Anne Applebaum: Do you think that the conditions you were kept in were designed to affect your sanity? 

Vladimir Kara-Murza: Oh absolutely. There's nothing new in this. This is an old Soviet tradition. Political prisoners whom the regime, for one reason or another, considers to be particularly dangerous, are kept in total isolation, in constant solitary confinement. So you sit in this small cubicle, you know, two by three meters, one small window with metal bars under the ceiling. You attach your bunk bed to the wall at 5 a.m. with the wake up call, and then you can only take it down again at 9 p.m. with the lights out. So all day you can just walk in a small circle around the cell or try to sit at this really uncomfortable stool that sticks out of the wall, but you can't really sit in it for long. And so essentially all day you just spent walking around in that cell, there is nothing to do. There is nowhere to go. There is no one to speak to. 

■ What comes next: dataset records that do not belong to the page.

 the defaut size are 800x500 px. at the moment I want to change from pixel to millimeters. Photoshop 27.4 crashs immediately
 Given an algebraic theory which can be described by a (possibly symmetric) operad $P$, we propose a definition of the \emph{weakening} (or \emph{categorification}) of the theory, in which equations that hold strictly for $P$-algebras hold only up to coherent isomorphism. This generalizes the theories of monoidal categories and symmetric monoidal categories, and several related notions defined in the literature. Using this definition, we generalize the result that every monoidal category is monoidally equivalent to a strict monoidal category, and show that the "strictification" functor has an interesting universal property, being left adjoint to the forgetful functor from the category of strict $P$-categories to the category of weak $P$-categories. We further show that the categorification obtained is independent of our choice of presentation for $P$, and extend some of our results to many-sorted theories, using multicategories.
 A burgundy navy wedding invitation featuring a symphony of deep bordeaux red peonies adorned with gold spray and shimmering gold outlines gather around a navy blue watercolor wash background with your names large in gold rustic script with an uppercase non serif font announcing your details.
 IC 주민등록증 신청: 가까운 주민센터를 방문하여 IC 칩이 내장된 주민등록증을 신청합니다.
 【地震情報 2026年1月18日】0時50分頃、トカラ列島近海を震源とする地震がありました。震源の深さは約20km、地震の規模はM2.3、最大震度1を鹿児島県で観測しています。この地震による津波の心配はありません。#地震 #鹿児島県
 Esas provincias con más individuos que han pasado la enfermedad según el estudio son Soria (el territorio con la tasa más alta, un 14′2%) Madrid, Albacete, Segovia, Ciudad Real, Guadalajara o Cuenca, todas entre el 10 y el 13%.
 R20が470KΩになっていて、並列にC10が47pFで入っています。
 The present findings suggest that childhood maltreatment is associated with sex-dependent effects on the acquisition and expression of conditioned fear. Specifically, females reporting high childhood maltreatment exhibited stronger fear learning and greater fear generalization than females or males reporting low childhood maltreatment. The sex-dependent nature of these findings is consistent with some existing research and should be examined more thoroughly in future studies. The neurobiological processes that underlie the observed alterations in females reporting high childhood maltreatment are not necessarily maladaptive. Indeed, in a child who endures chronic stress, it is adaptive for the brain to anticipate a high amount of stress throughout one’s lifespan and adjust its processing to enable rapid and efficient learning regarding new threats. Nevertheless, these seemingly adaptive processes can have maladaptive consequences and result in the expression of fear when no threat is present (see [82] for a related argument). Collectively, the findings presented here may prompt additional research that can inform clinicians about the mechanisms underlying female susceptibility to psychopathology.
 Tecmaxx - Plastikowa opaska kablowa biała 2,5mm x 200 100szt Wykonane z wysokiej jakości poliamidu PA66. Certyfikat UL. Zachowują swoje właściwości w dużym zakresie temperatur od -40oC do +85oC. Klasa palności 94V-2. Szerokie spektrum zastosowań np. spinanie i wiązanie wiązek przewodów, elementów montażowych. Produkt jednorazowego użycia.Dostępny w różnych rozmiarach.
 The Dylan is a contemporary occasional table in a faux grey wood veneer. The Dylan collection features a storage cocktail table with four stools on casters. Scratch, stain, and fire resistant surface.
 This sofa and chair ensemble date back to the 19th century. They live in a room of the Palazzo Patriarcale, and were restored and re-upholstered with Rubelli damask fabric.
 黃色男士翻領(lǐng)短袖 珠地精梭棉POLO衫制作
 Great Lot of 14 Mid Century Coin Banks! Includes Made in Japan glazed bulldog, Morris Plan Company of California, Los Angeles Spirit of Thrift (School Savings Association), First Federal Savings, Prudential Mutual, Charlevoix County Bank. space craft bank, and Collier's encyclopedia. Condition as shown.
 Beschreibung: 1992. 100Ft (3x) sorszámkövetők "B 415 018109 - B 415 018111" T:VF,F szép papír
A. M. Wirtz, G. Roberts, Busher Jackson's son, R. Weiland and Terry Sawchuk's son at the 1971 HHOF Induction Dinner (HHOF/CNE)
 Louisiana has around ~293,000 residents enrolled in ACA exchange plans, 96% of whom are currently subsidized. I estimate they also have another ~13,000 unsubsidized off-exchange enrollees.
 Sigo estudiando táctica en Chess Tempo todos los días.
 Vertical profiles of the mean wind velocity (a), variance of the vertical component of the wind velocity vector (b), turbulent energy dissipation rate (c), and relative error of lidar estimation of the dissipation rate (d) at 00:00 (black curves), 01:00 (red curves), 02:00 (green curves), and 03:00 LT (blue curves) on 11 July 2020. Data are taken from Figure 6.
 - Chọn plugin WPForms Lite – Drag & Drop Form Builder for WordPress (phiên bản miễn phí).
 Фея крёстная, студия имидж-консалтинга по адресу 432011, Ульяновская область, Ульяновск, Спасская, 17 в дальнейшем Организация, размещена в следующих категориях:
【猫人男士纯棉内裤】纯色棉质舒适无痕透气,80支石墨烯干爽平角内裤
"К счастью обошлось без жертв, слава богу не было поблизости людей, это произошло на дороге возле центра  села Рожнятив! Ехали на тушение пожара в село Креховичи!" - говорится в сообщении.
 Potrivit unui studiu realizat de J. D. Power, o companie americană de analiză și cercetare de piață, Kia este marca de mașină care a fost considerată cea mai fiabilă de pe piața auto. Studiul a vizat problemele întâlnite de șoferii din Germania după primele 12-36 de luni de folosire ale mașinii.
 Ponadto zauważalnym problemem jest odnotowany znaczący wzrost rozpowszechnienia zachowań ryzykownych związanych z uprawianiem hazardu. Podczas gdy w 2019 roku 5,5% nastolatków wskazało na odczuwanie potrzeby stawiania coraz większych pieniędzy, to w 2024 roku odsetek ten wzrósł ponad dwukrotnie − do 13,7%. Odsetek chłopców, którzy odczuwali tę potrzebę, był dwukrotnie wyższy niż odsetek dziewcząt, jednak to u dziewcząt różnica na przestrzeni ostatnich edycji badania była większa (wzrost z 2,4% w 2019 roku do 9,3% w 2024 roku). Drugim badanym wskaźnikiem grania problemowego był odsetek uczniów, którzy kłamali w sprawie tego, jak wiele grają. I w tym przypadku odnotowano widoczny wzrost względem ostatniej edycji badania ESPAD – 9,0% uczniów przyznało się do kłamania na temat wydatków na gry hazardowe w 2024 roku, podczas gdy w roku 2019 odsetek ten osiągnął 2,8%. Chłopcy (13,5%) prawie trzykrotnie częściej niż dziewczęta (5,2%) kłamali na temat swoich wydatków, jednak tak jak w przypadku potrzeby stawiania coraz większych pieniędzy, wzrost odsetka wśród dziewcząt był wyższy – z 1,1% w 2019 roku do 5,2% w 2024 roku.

I had never understood why, according to international law, according to the United Nations rules on this on the treatment of prisoners, solitary confinement for more than 15 days is officially considered the form of torture. I knew that rule, but I never understood it. Only once you go through it, you understand why that is. Because, as Aristotle said, we human beings are social animals, right? We need human interaction just as much as we need water to drink or oxygen to breathe. And when you are just totally deprived of it, when you cannot as much as say hello to another human being, well your mind really starts playing tricks on you. Very quickly after about two weeks, you start forgetting names, you start forgetting words, you start shouting at walls, you stop understanding what's real and what's imagined. And it is really, really difficult in in such conditions to to keep one’s sanity. It really takes a lot of effort to do that. 

But, you know, this was one of the ways actually to keep sane, to write, to do something, to do something useful, to do something important. One advice that Soviet dissidents always gave those who were in the same conditions, in solitary confinement back in in the 70s and the 80s, they said that learning a new language is a very good way to pass time in prison. I mean, Vladimir Bukovsky learned English in the Vladimir Central prison. Natan Sharansky worked on his Hebrew while he was in prison. Prisoners who were Roman Catholics in the Soviet go like they often do in Latin. I learned Spanish. I I made the prison administration order me a Spanish textbook from a local bookstore. And I was learning Spanish because this is a way to occupy your mind. So it doesn't just keep, you know, searching out these strange thoughts every single day. It's a very good way to occupy your time because one of the worst things in prison is just watching the time of your life just meaninglessly go by day after day, week after week, month after month with nothing. And, you know, it's really important every evening when you go to to sleep to have a feeling that you've done something useful with this day, that you haven't just thrown it away. And obviously, I never thought I would ever be able to use it. This was just not to go crazy. But we just took a family vacation, you know, with my wife and kids to to Mexico, our first family vacation in three and a half years. And guess what? I can actually speak Spanish now apparently. 

Anne Applebaum: Oh, congratulations 

Vladimir Kara-Murza: There's good in everything. [chuckles] 

Anne Applebaum: There is a lot of optimism in your writing. So there you were in really horrific conditions, conditions that would have been familiar to prisoners in Russia in the 1930s, and you continue to maintain that Russia can change and that Russia can be different. Where does that optimism come from and that conviction? I mean, there aren't so many people like you in Russia right now. Certainly there's a limited number of people willing to go to prison, but there's also a limited number of people who are willing to push back against the regime right now at all. So where does your optimism, where does your conviction in the possibility of change come from? 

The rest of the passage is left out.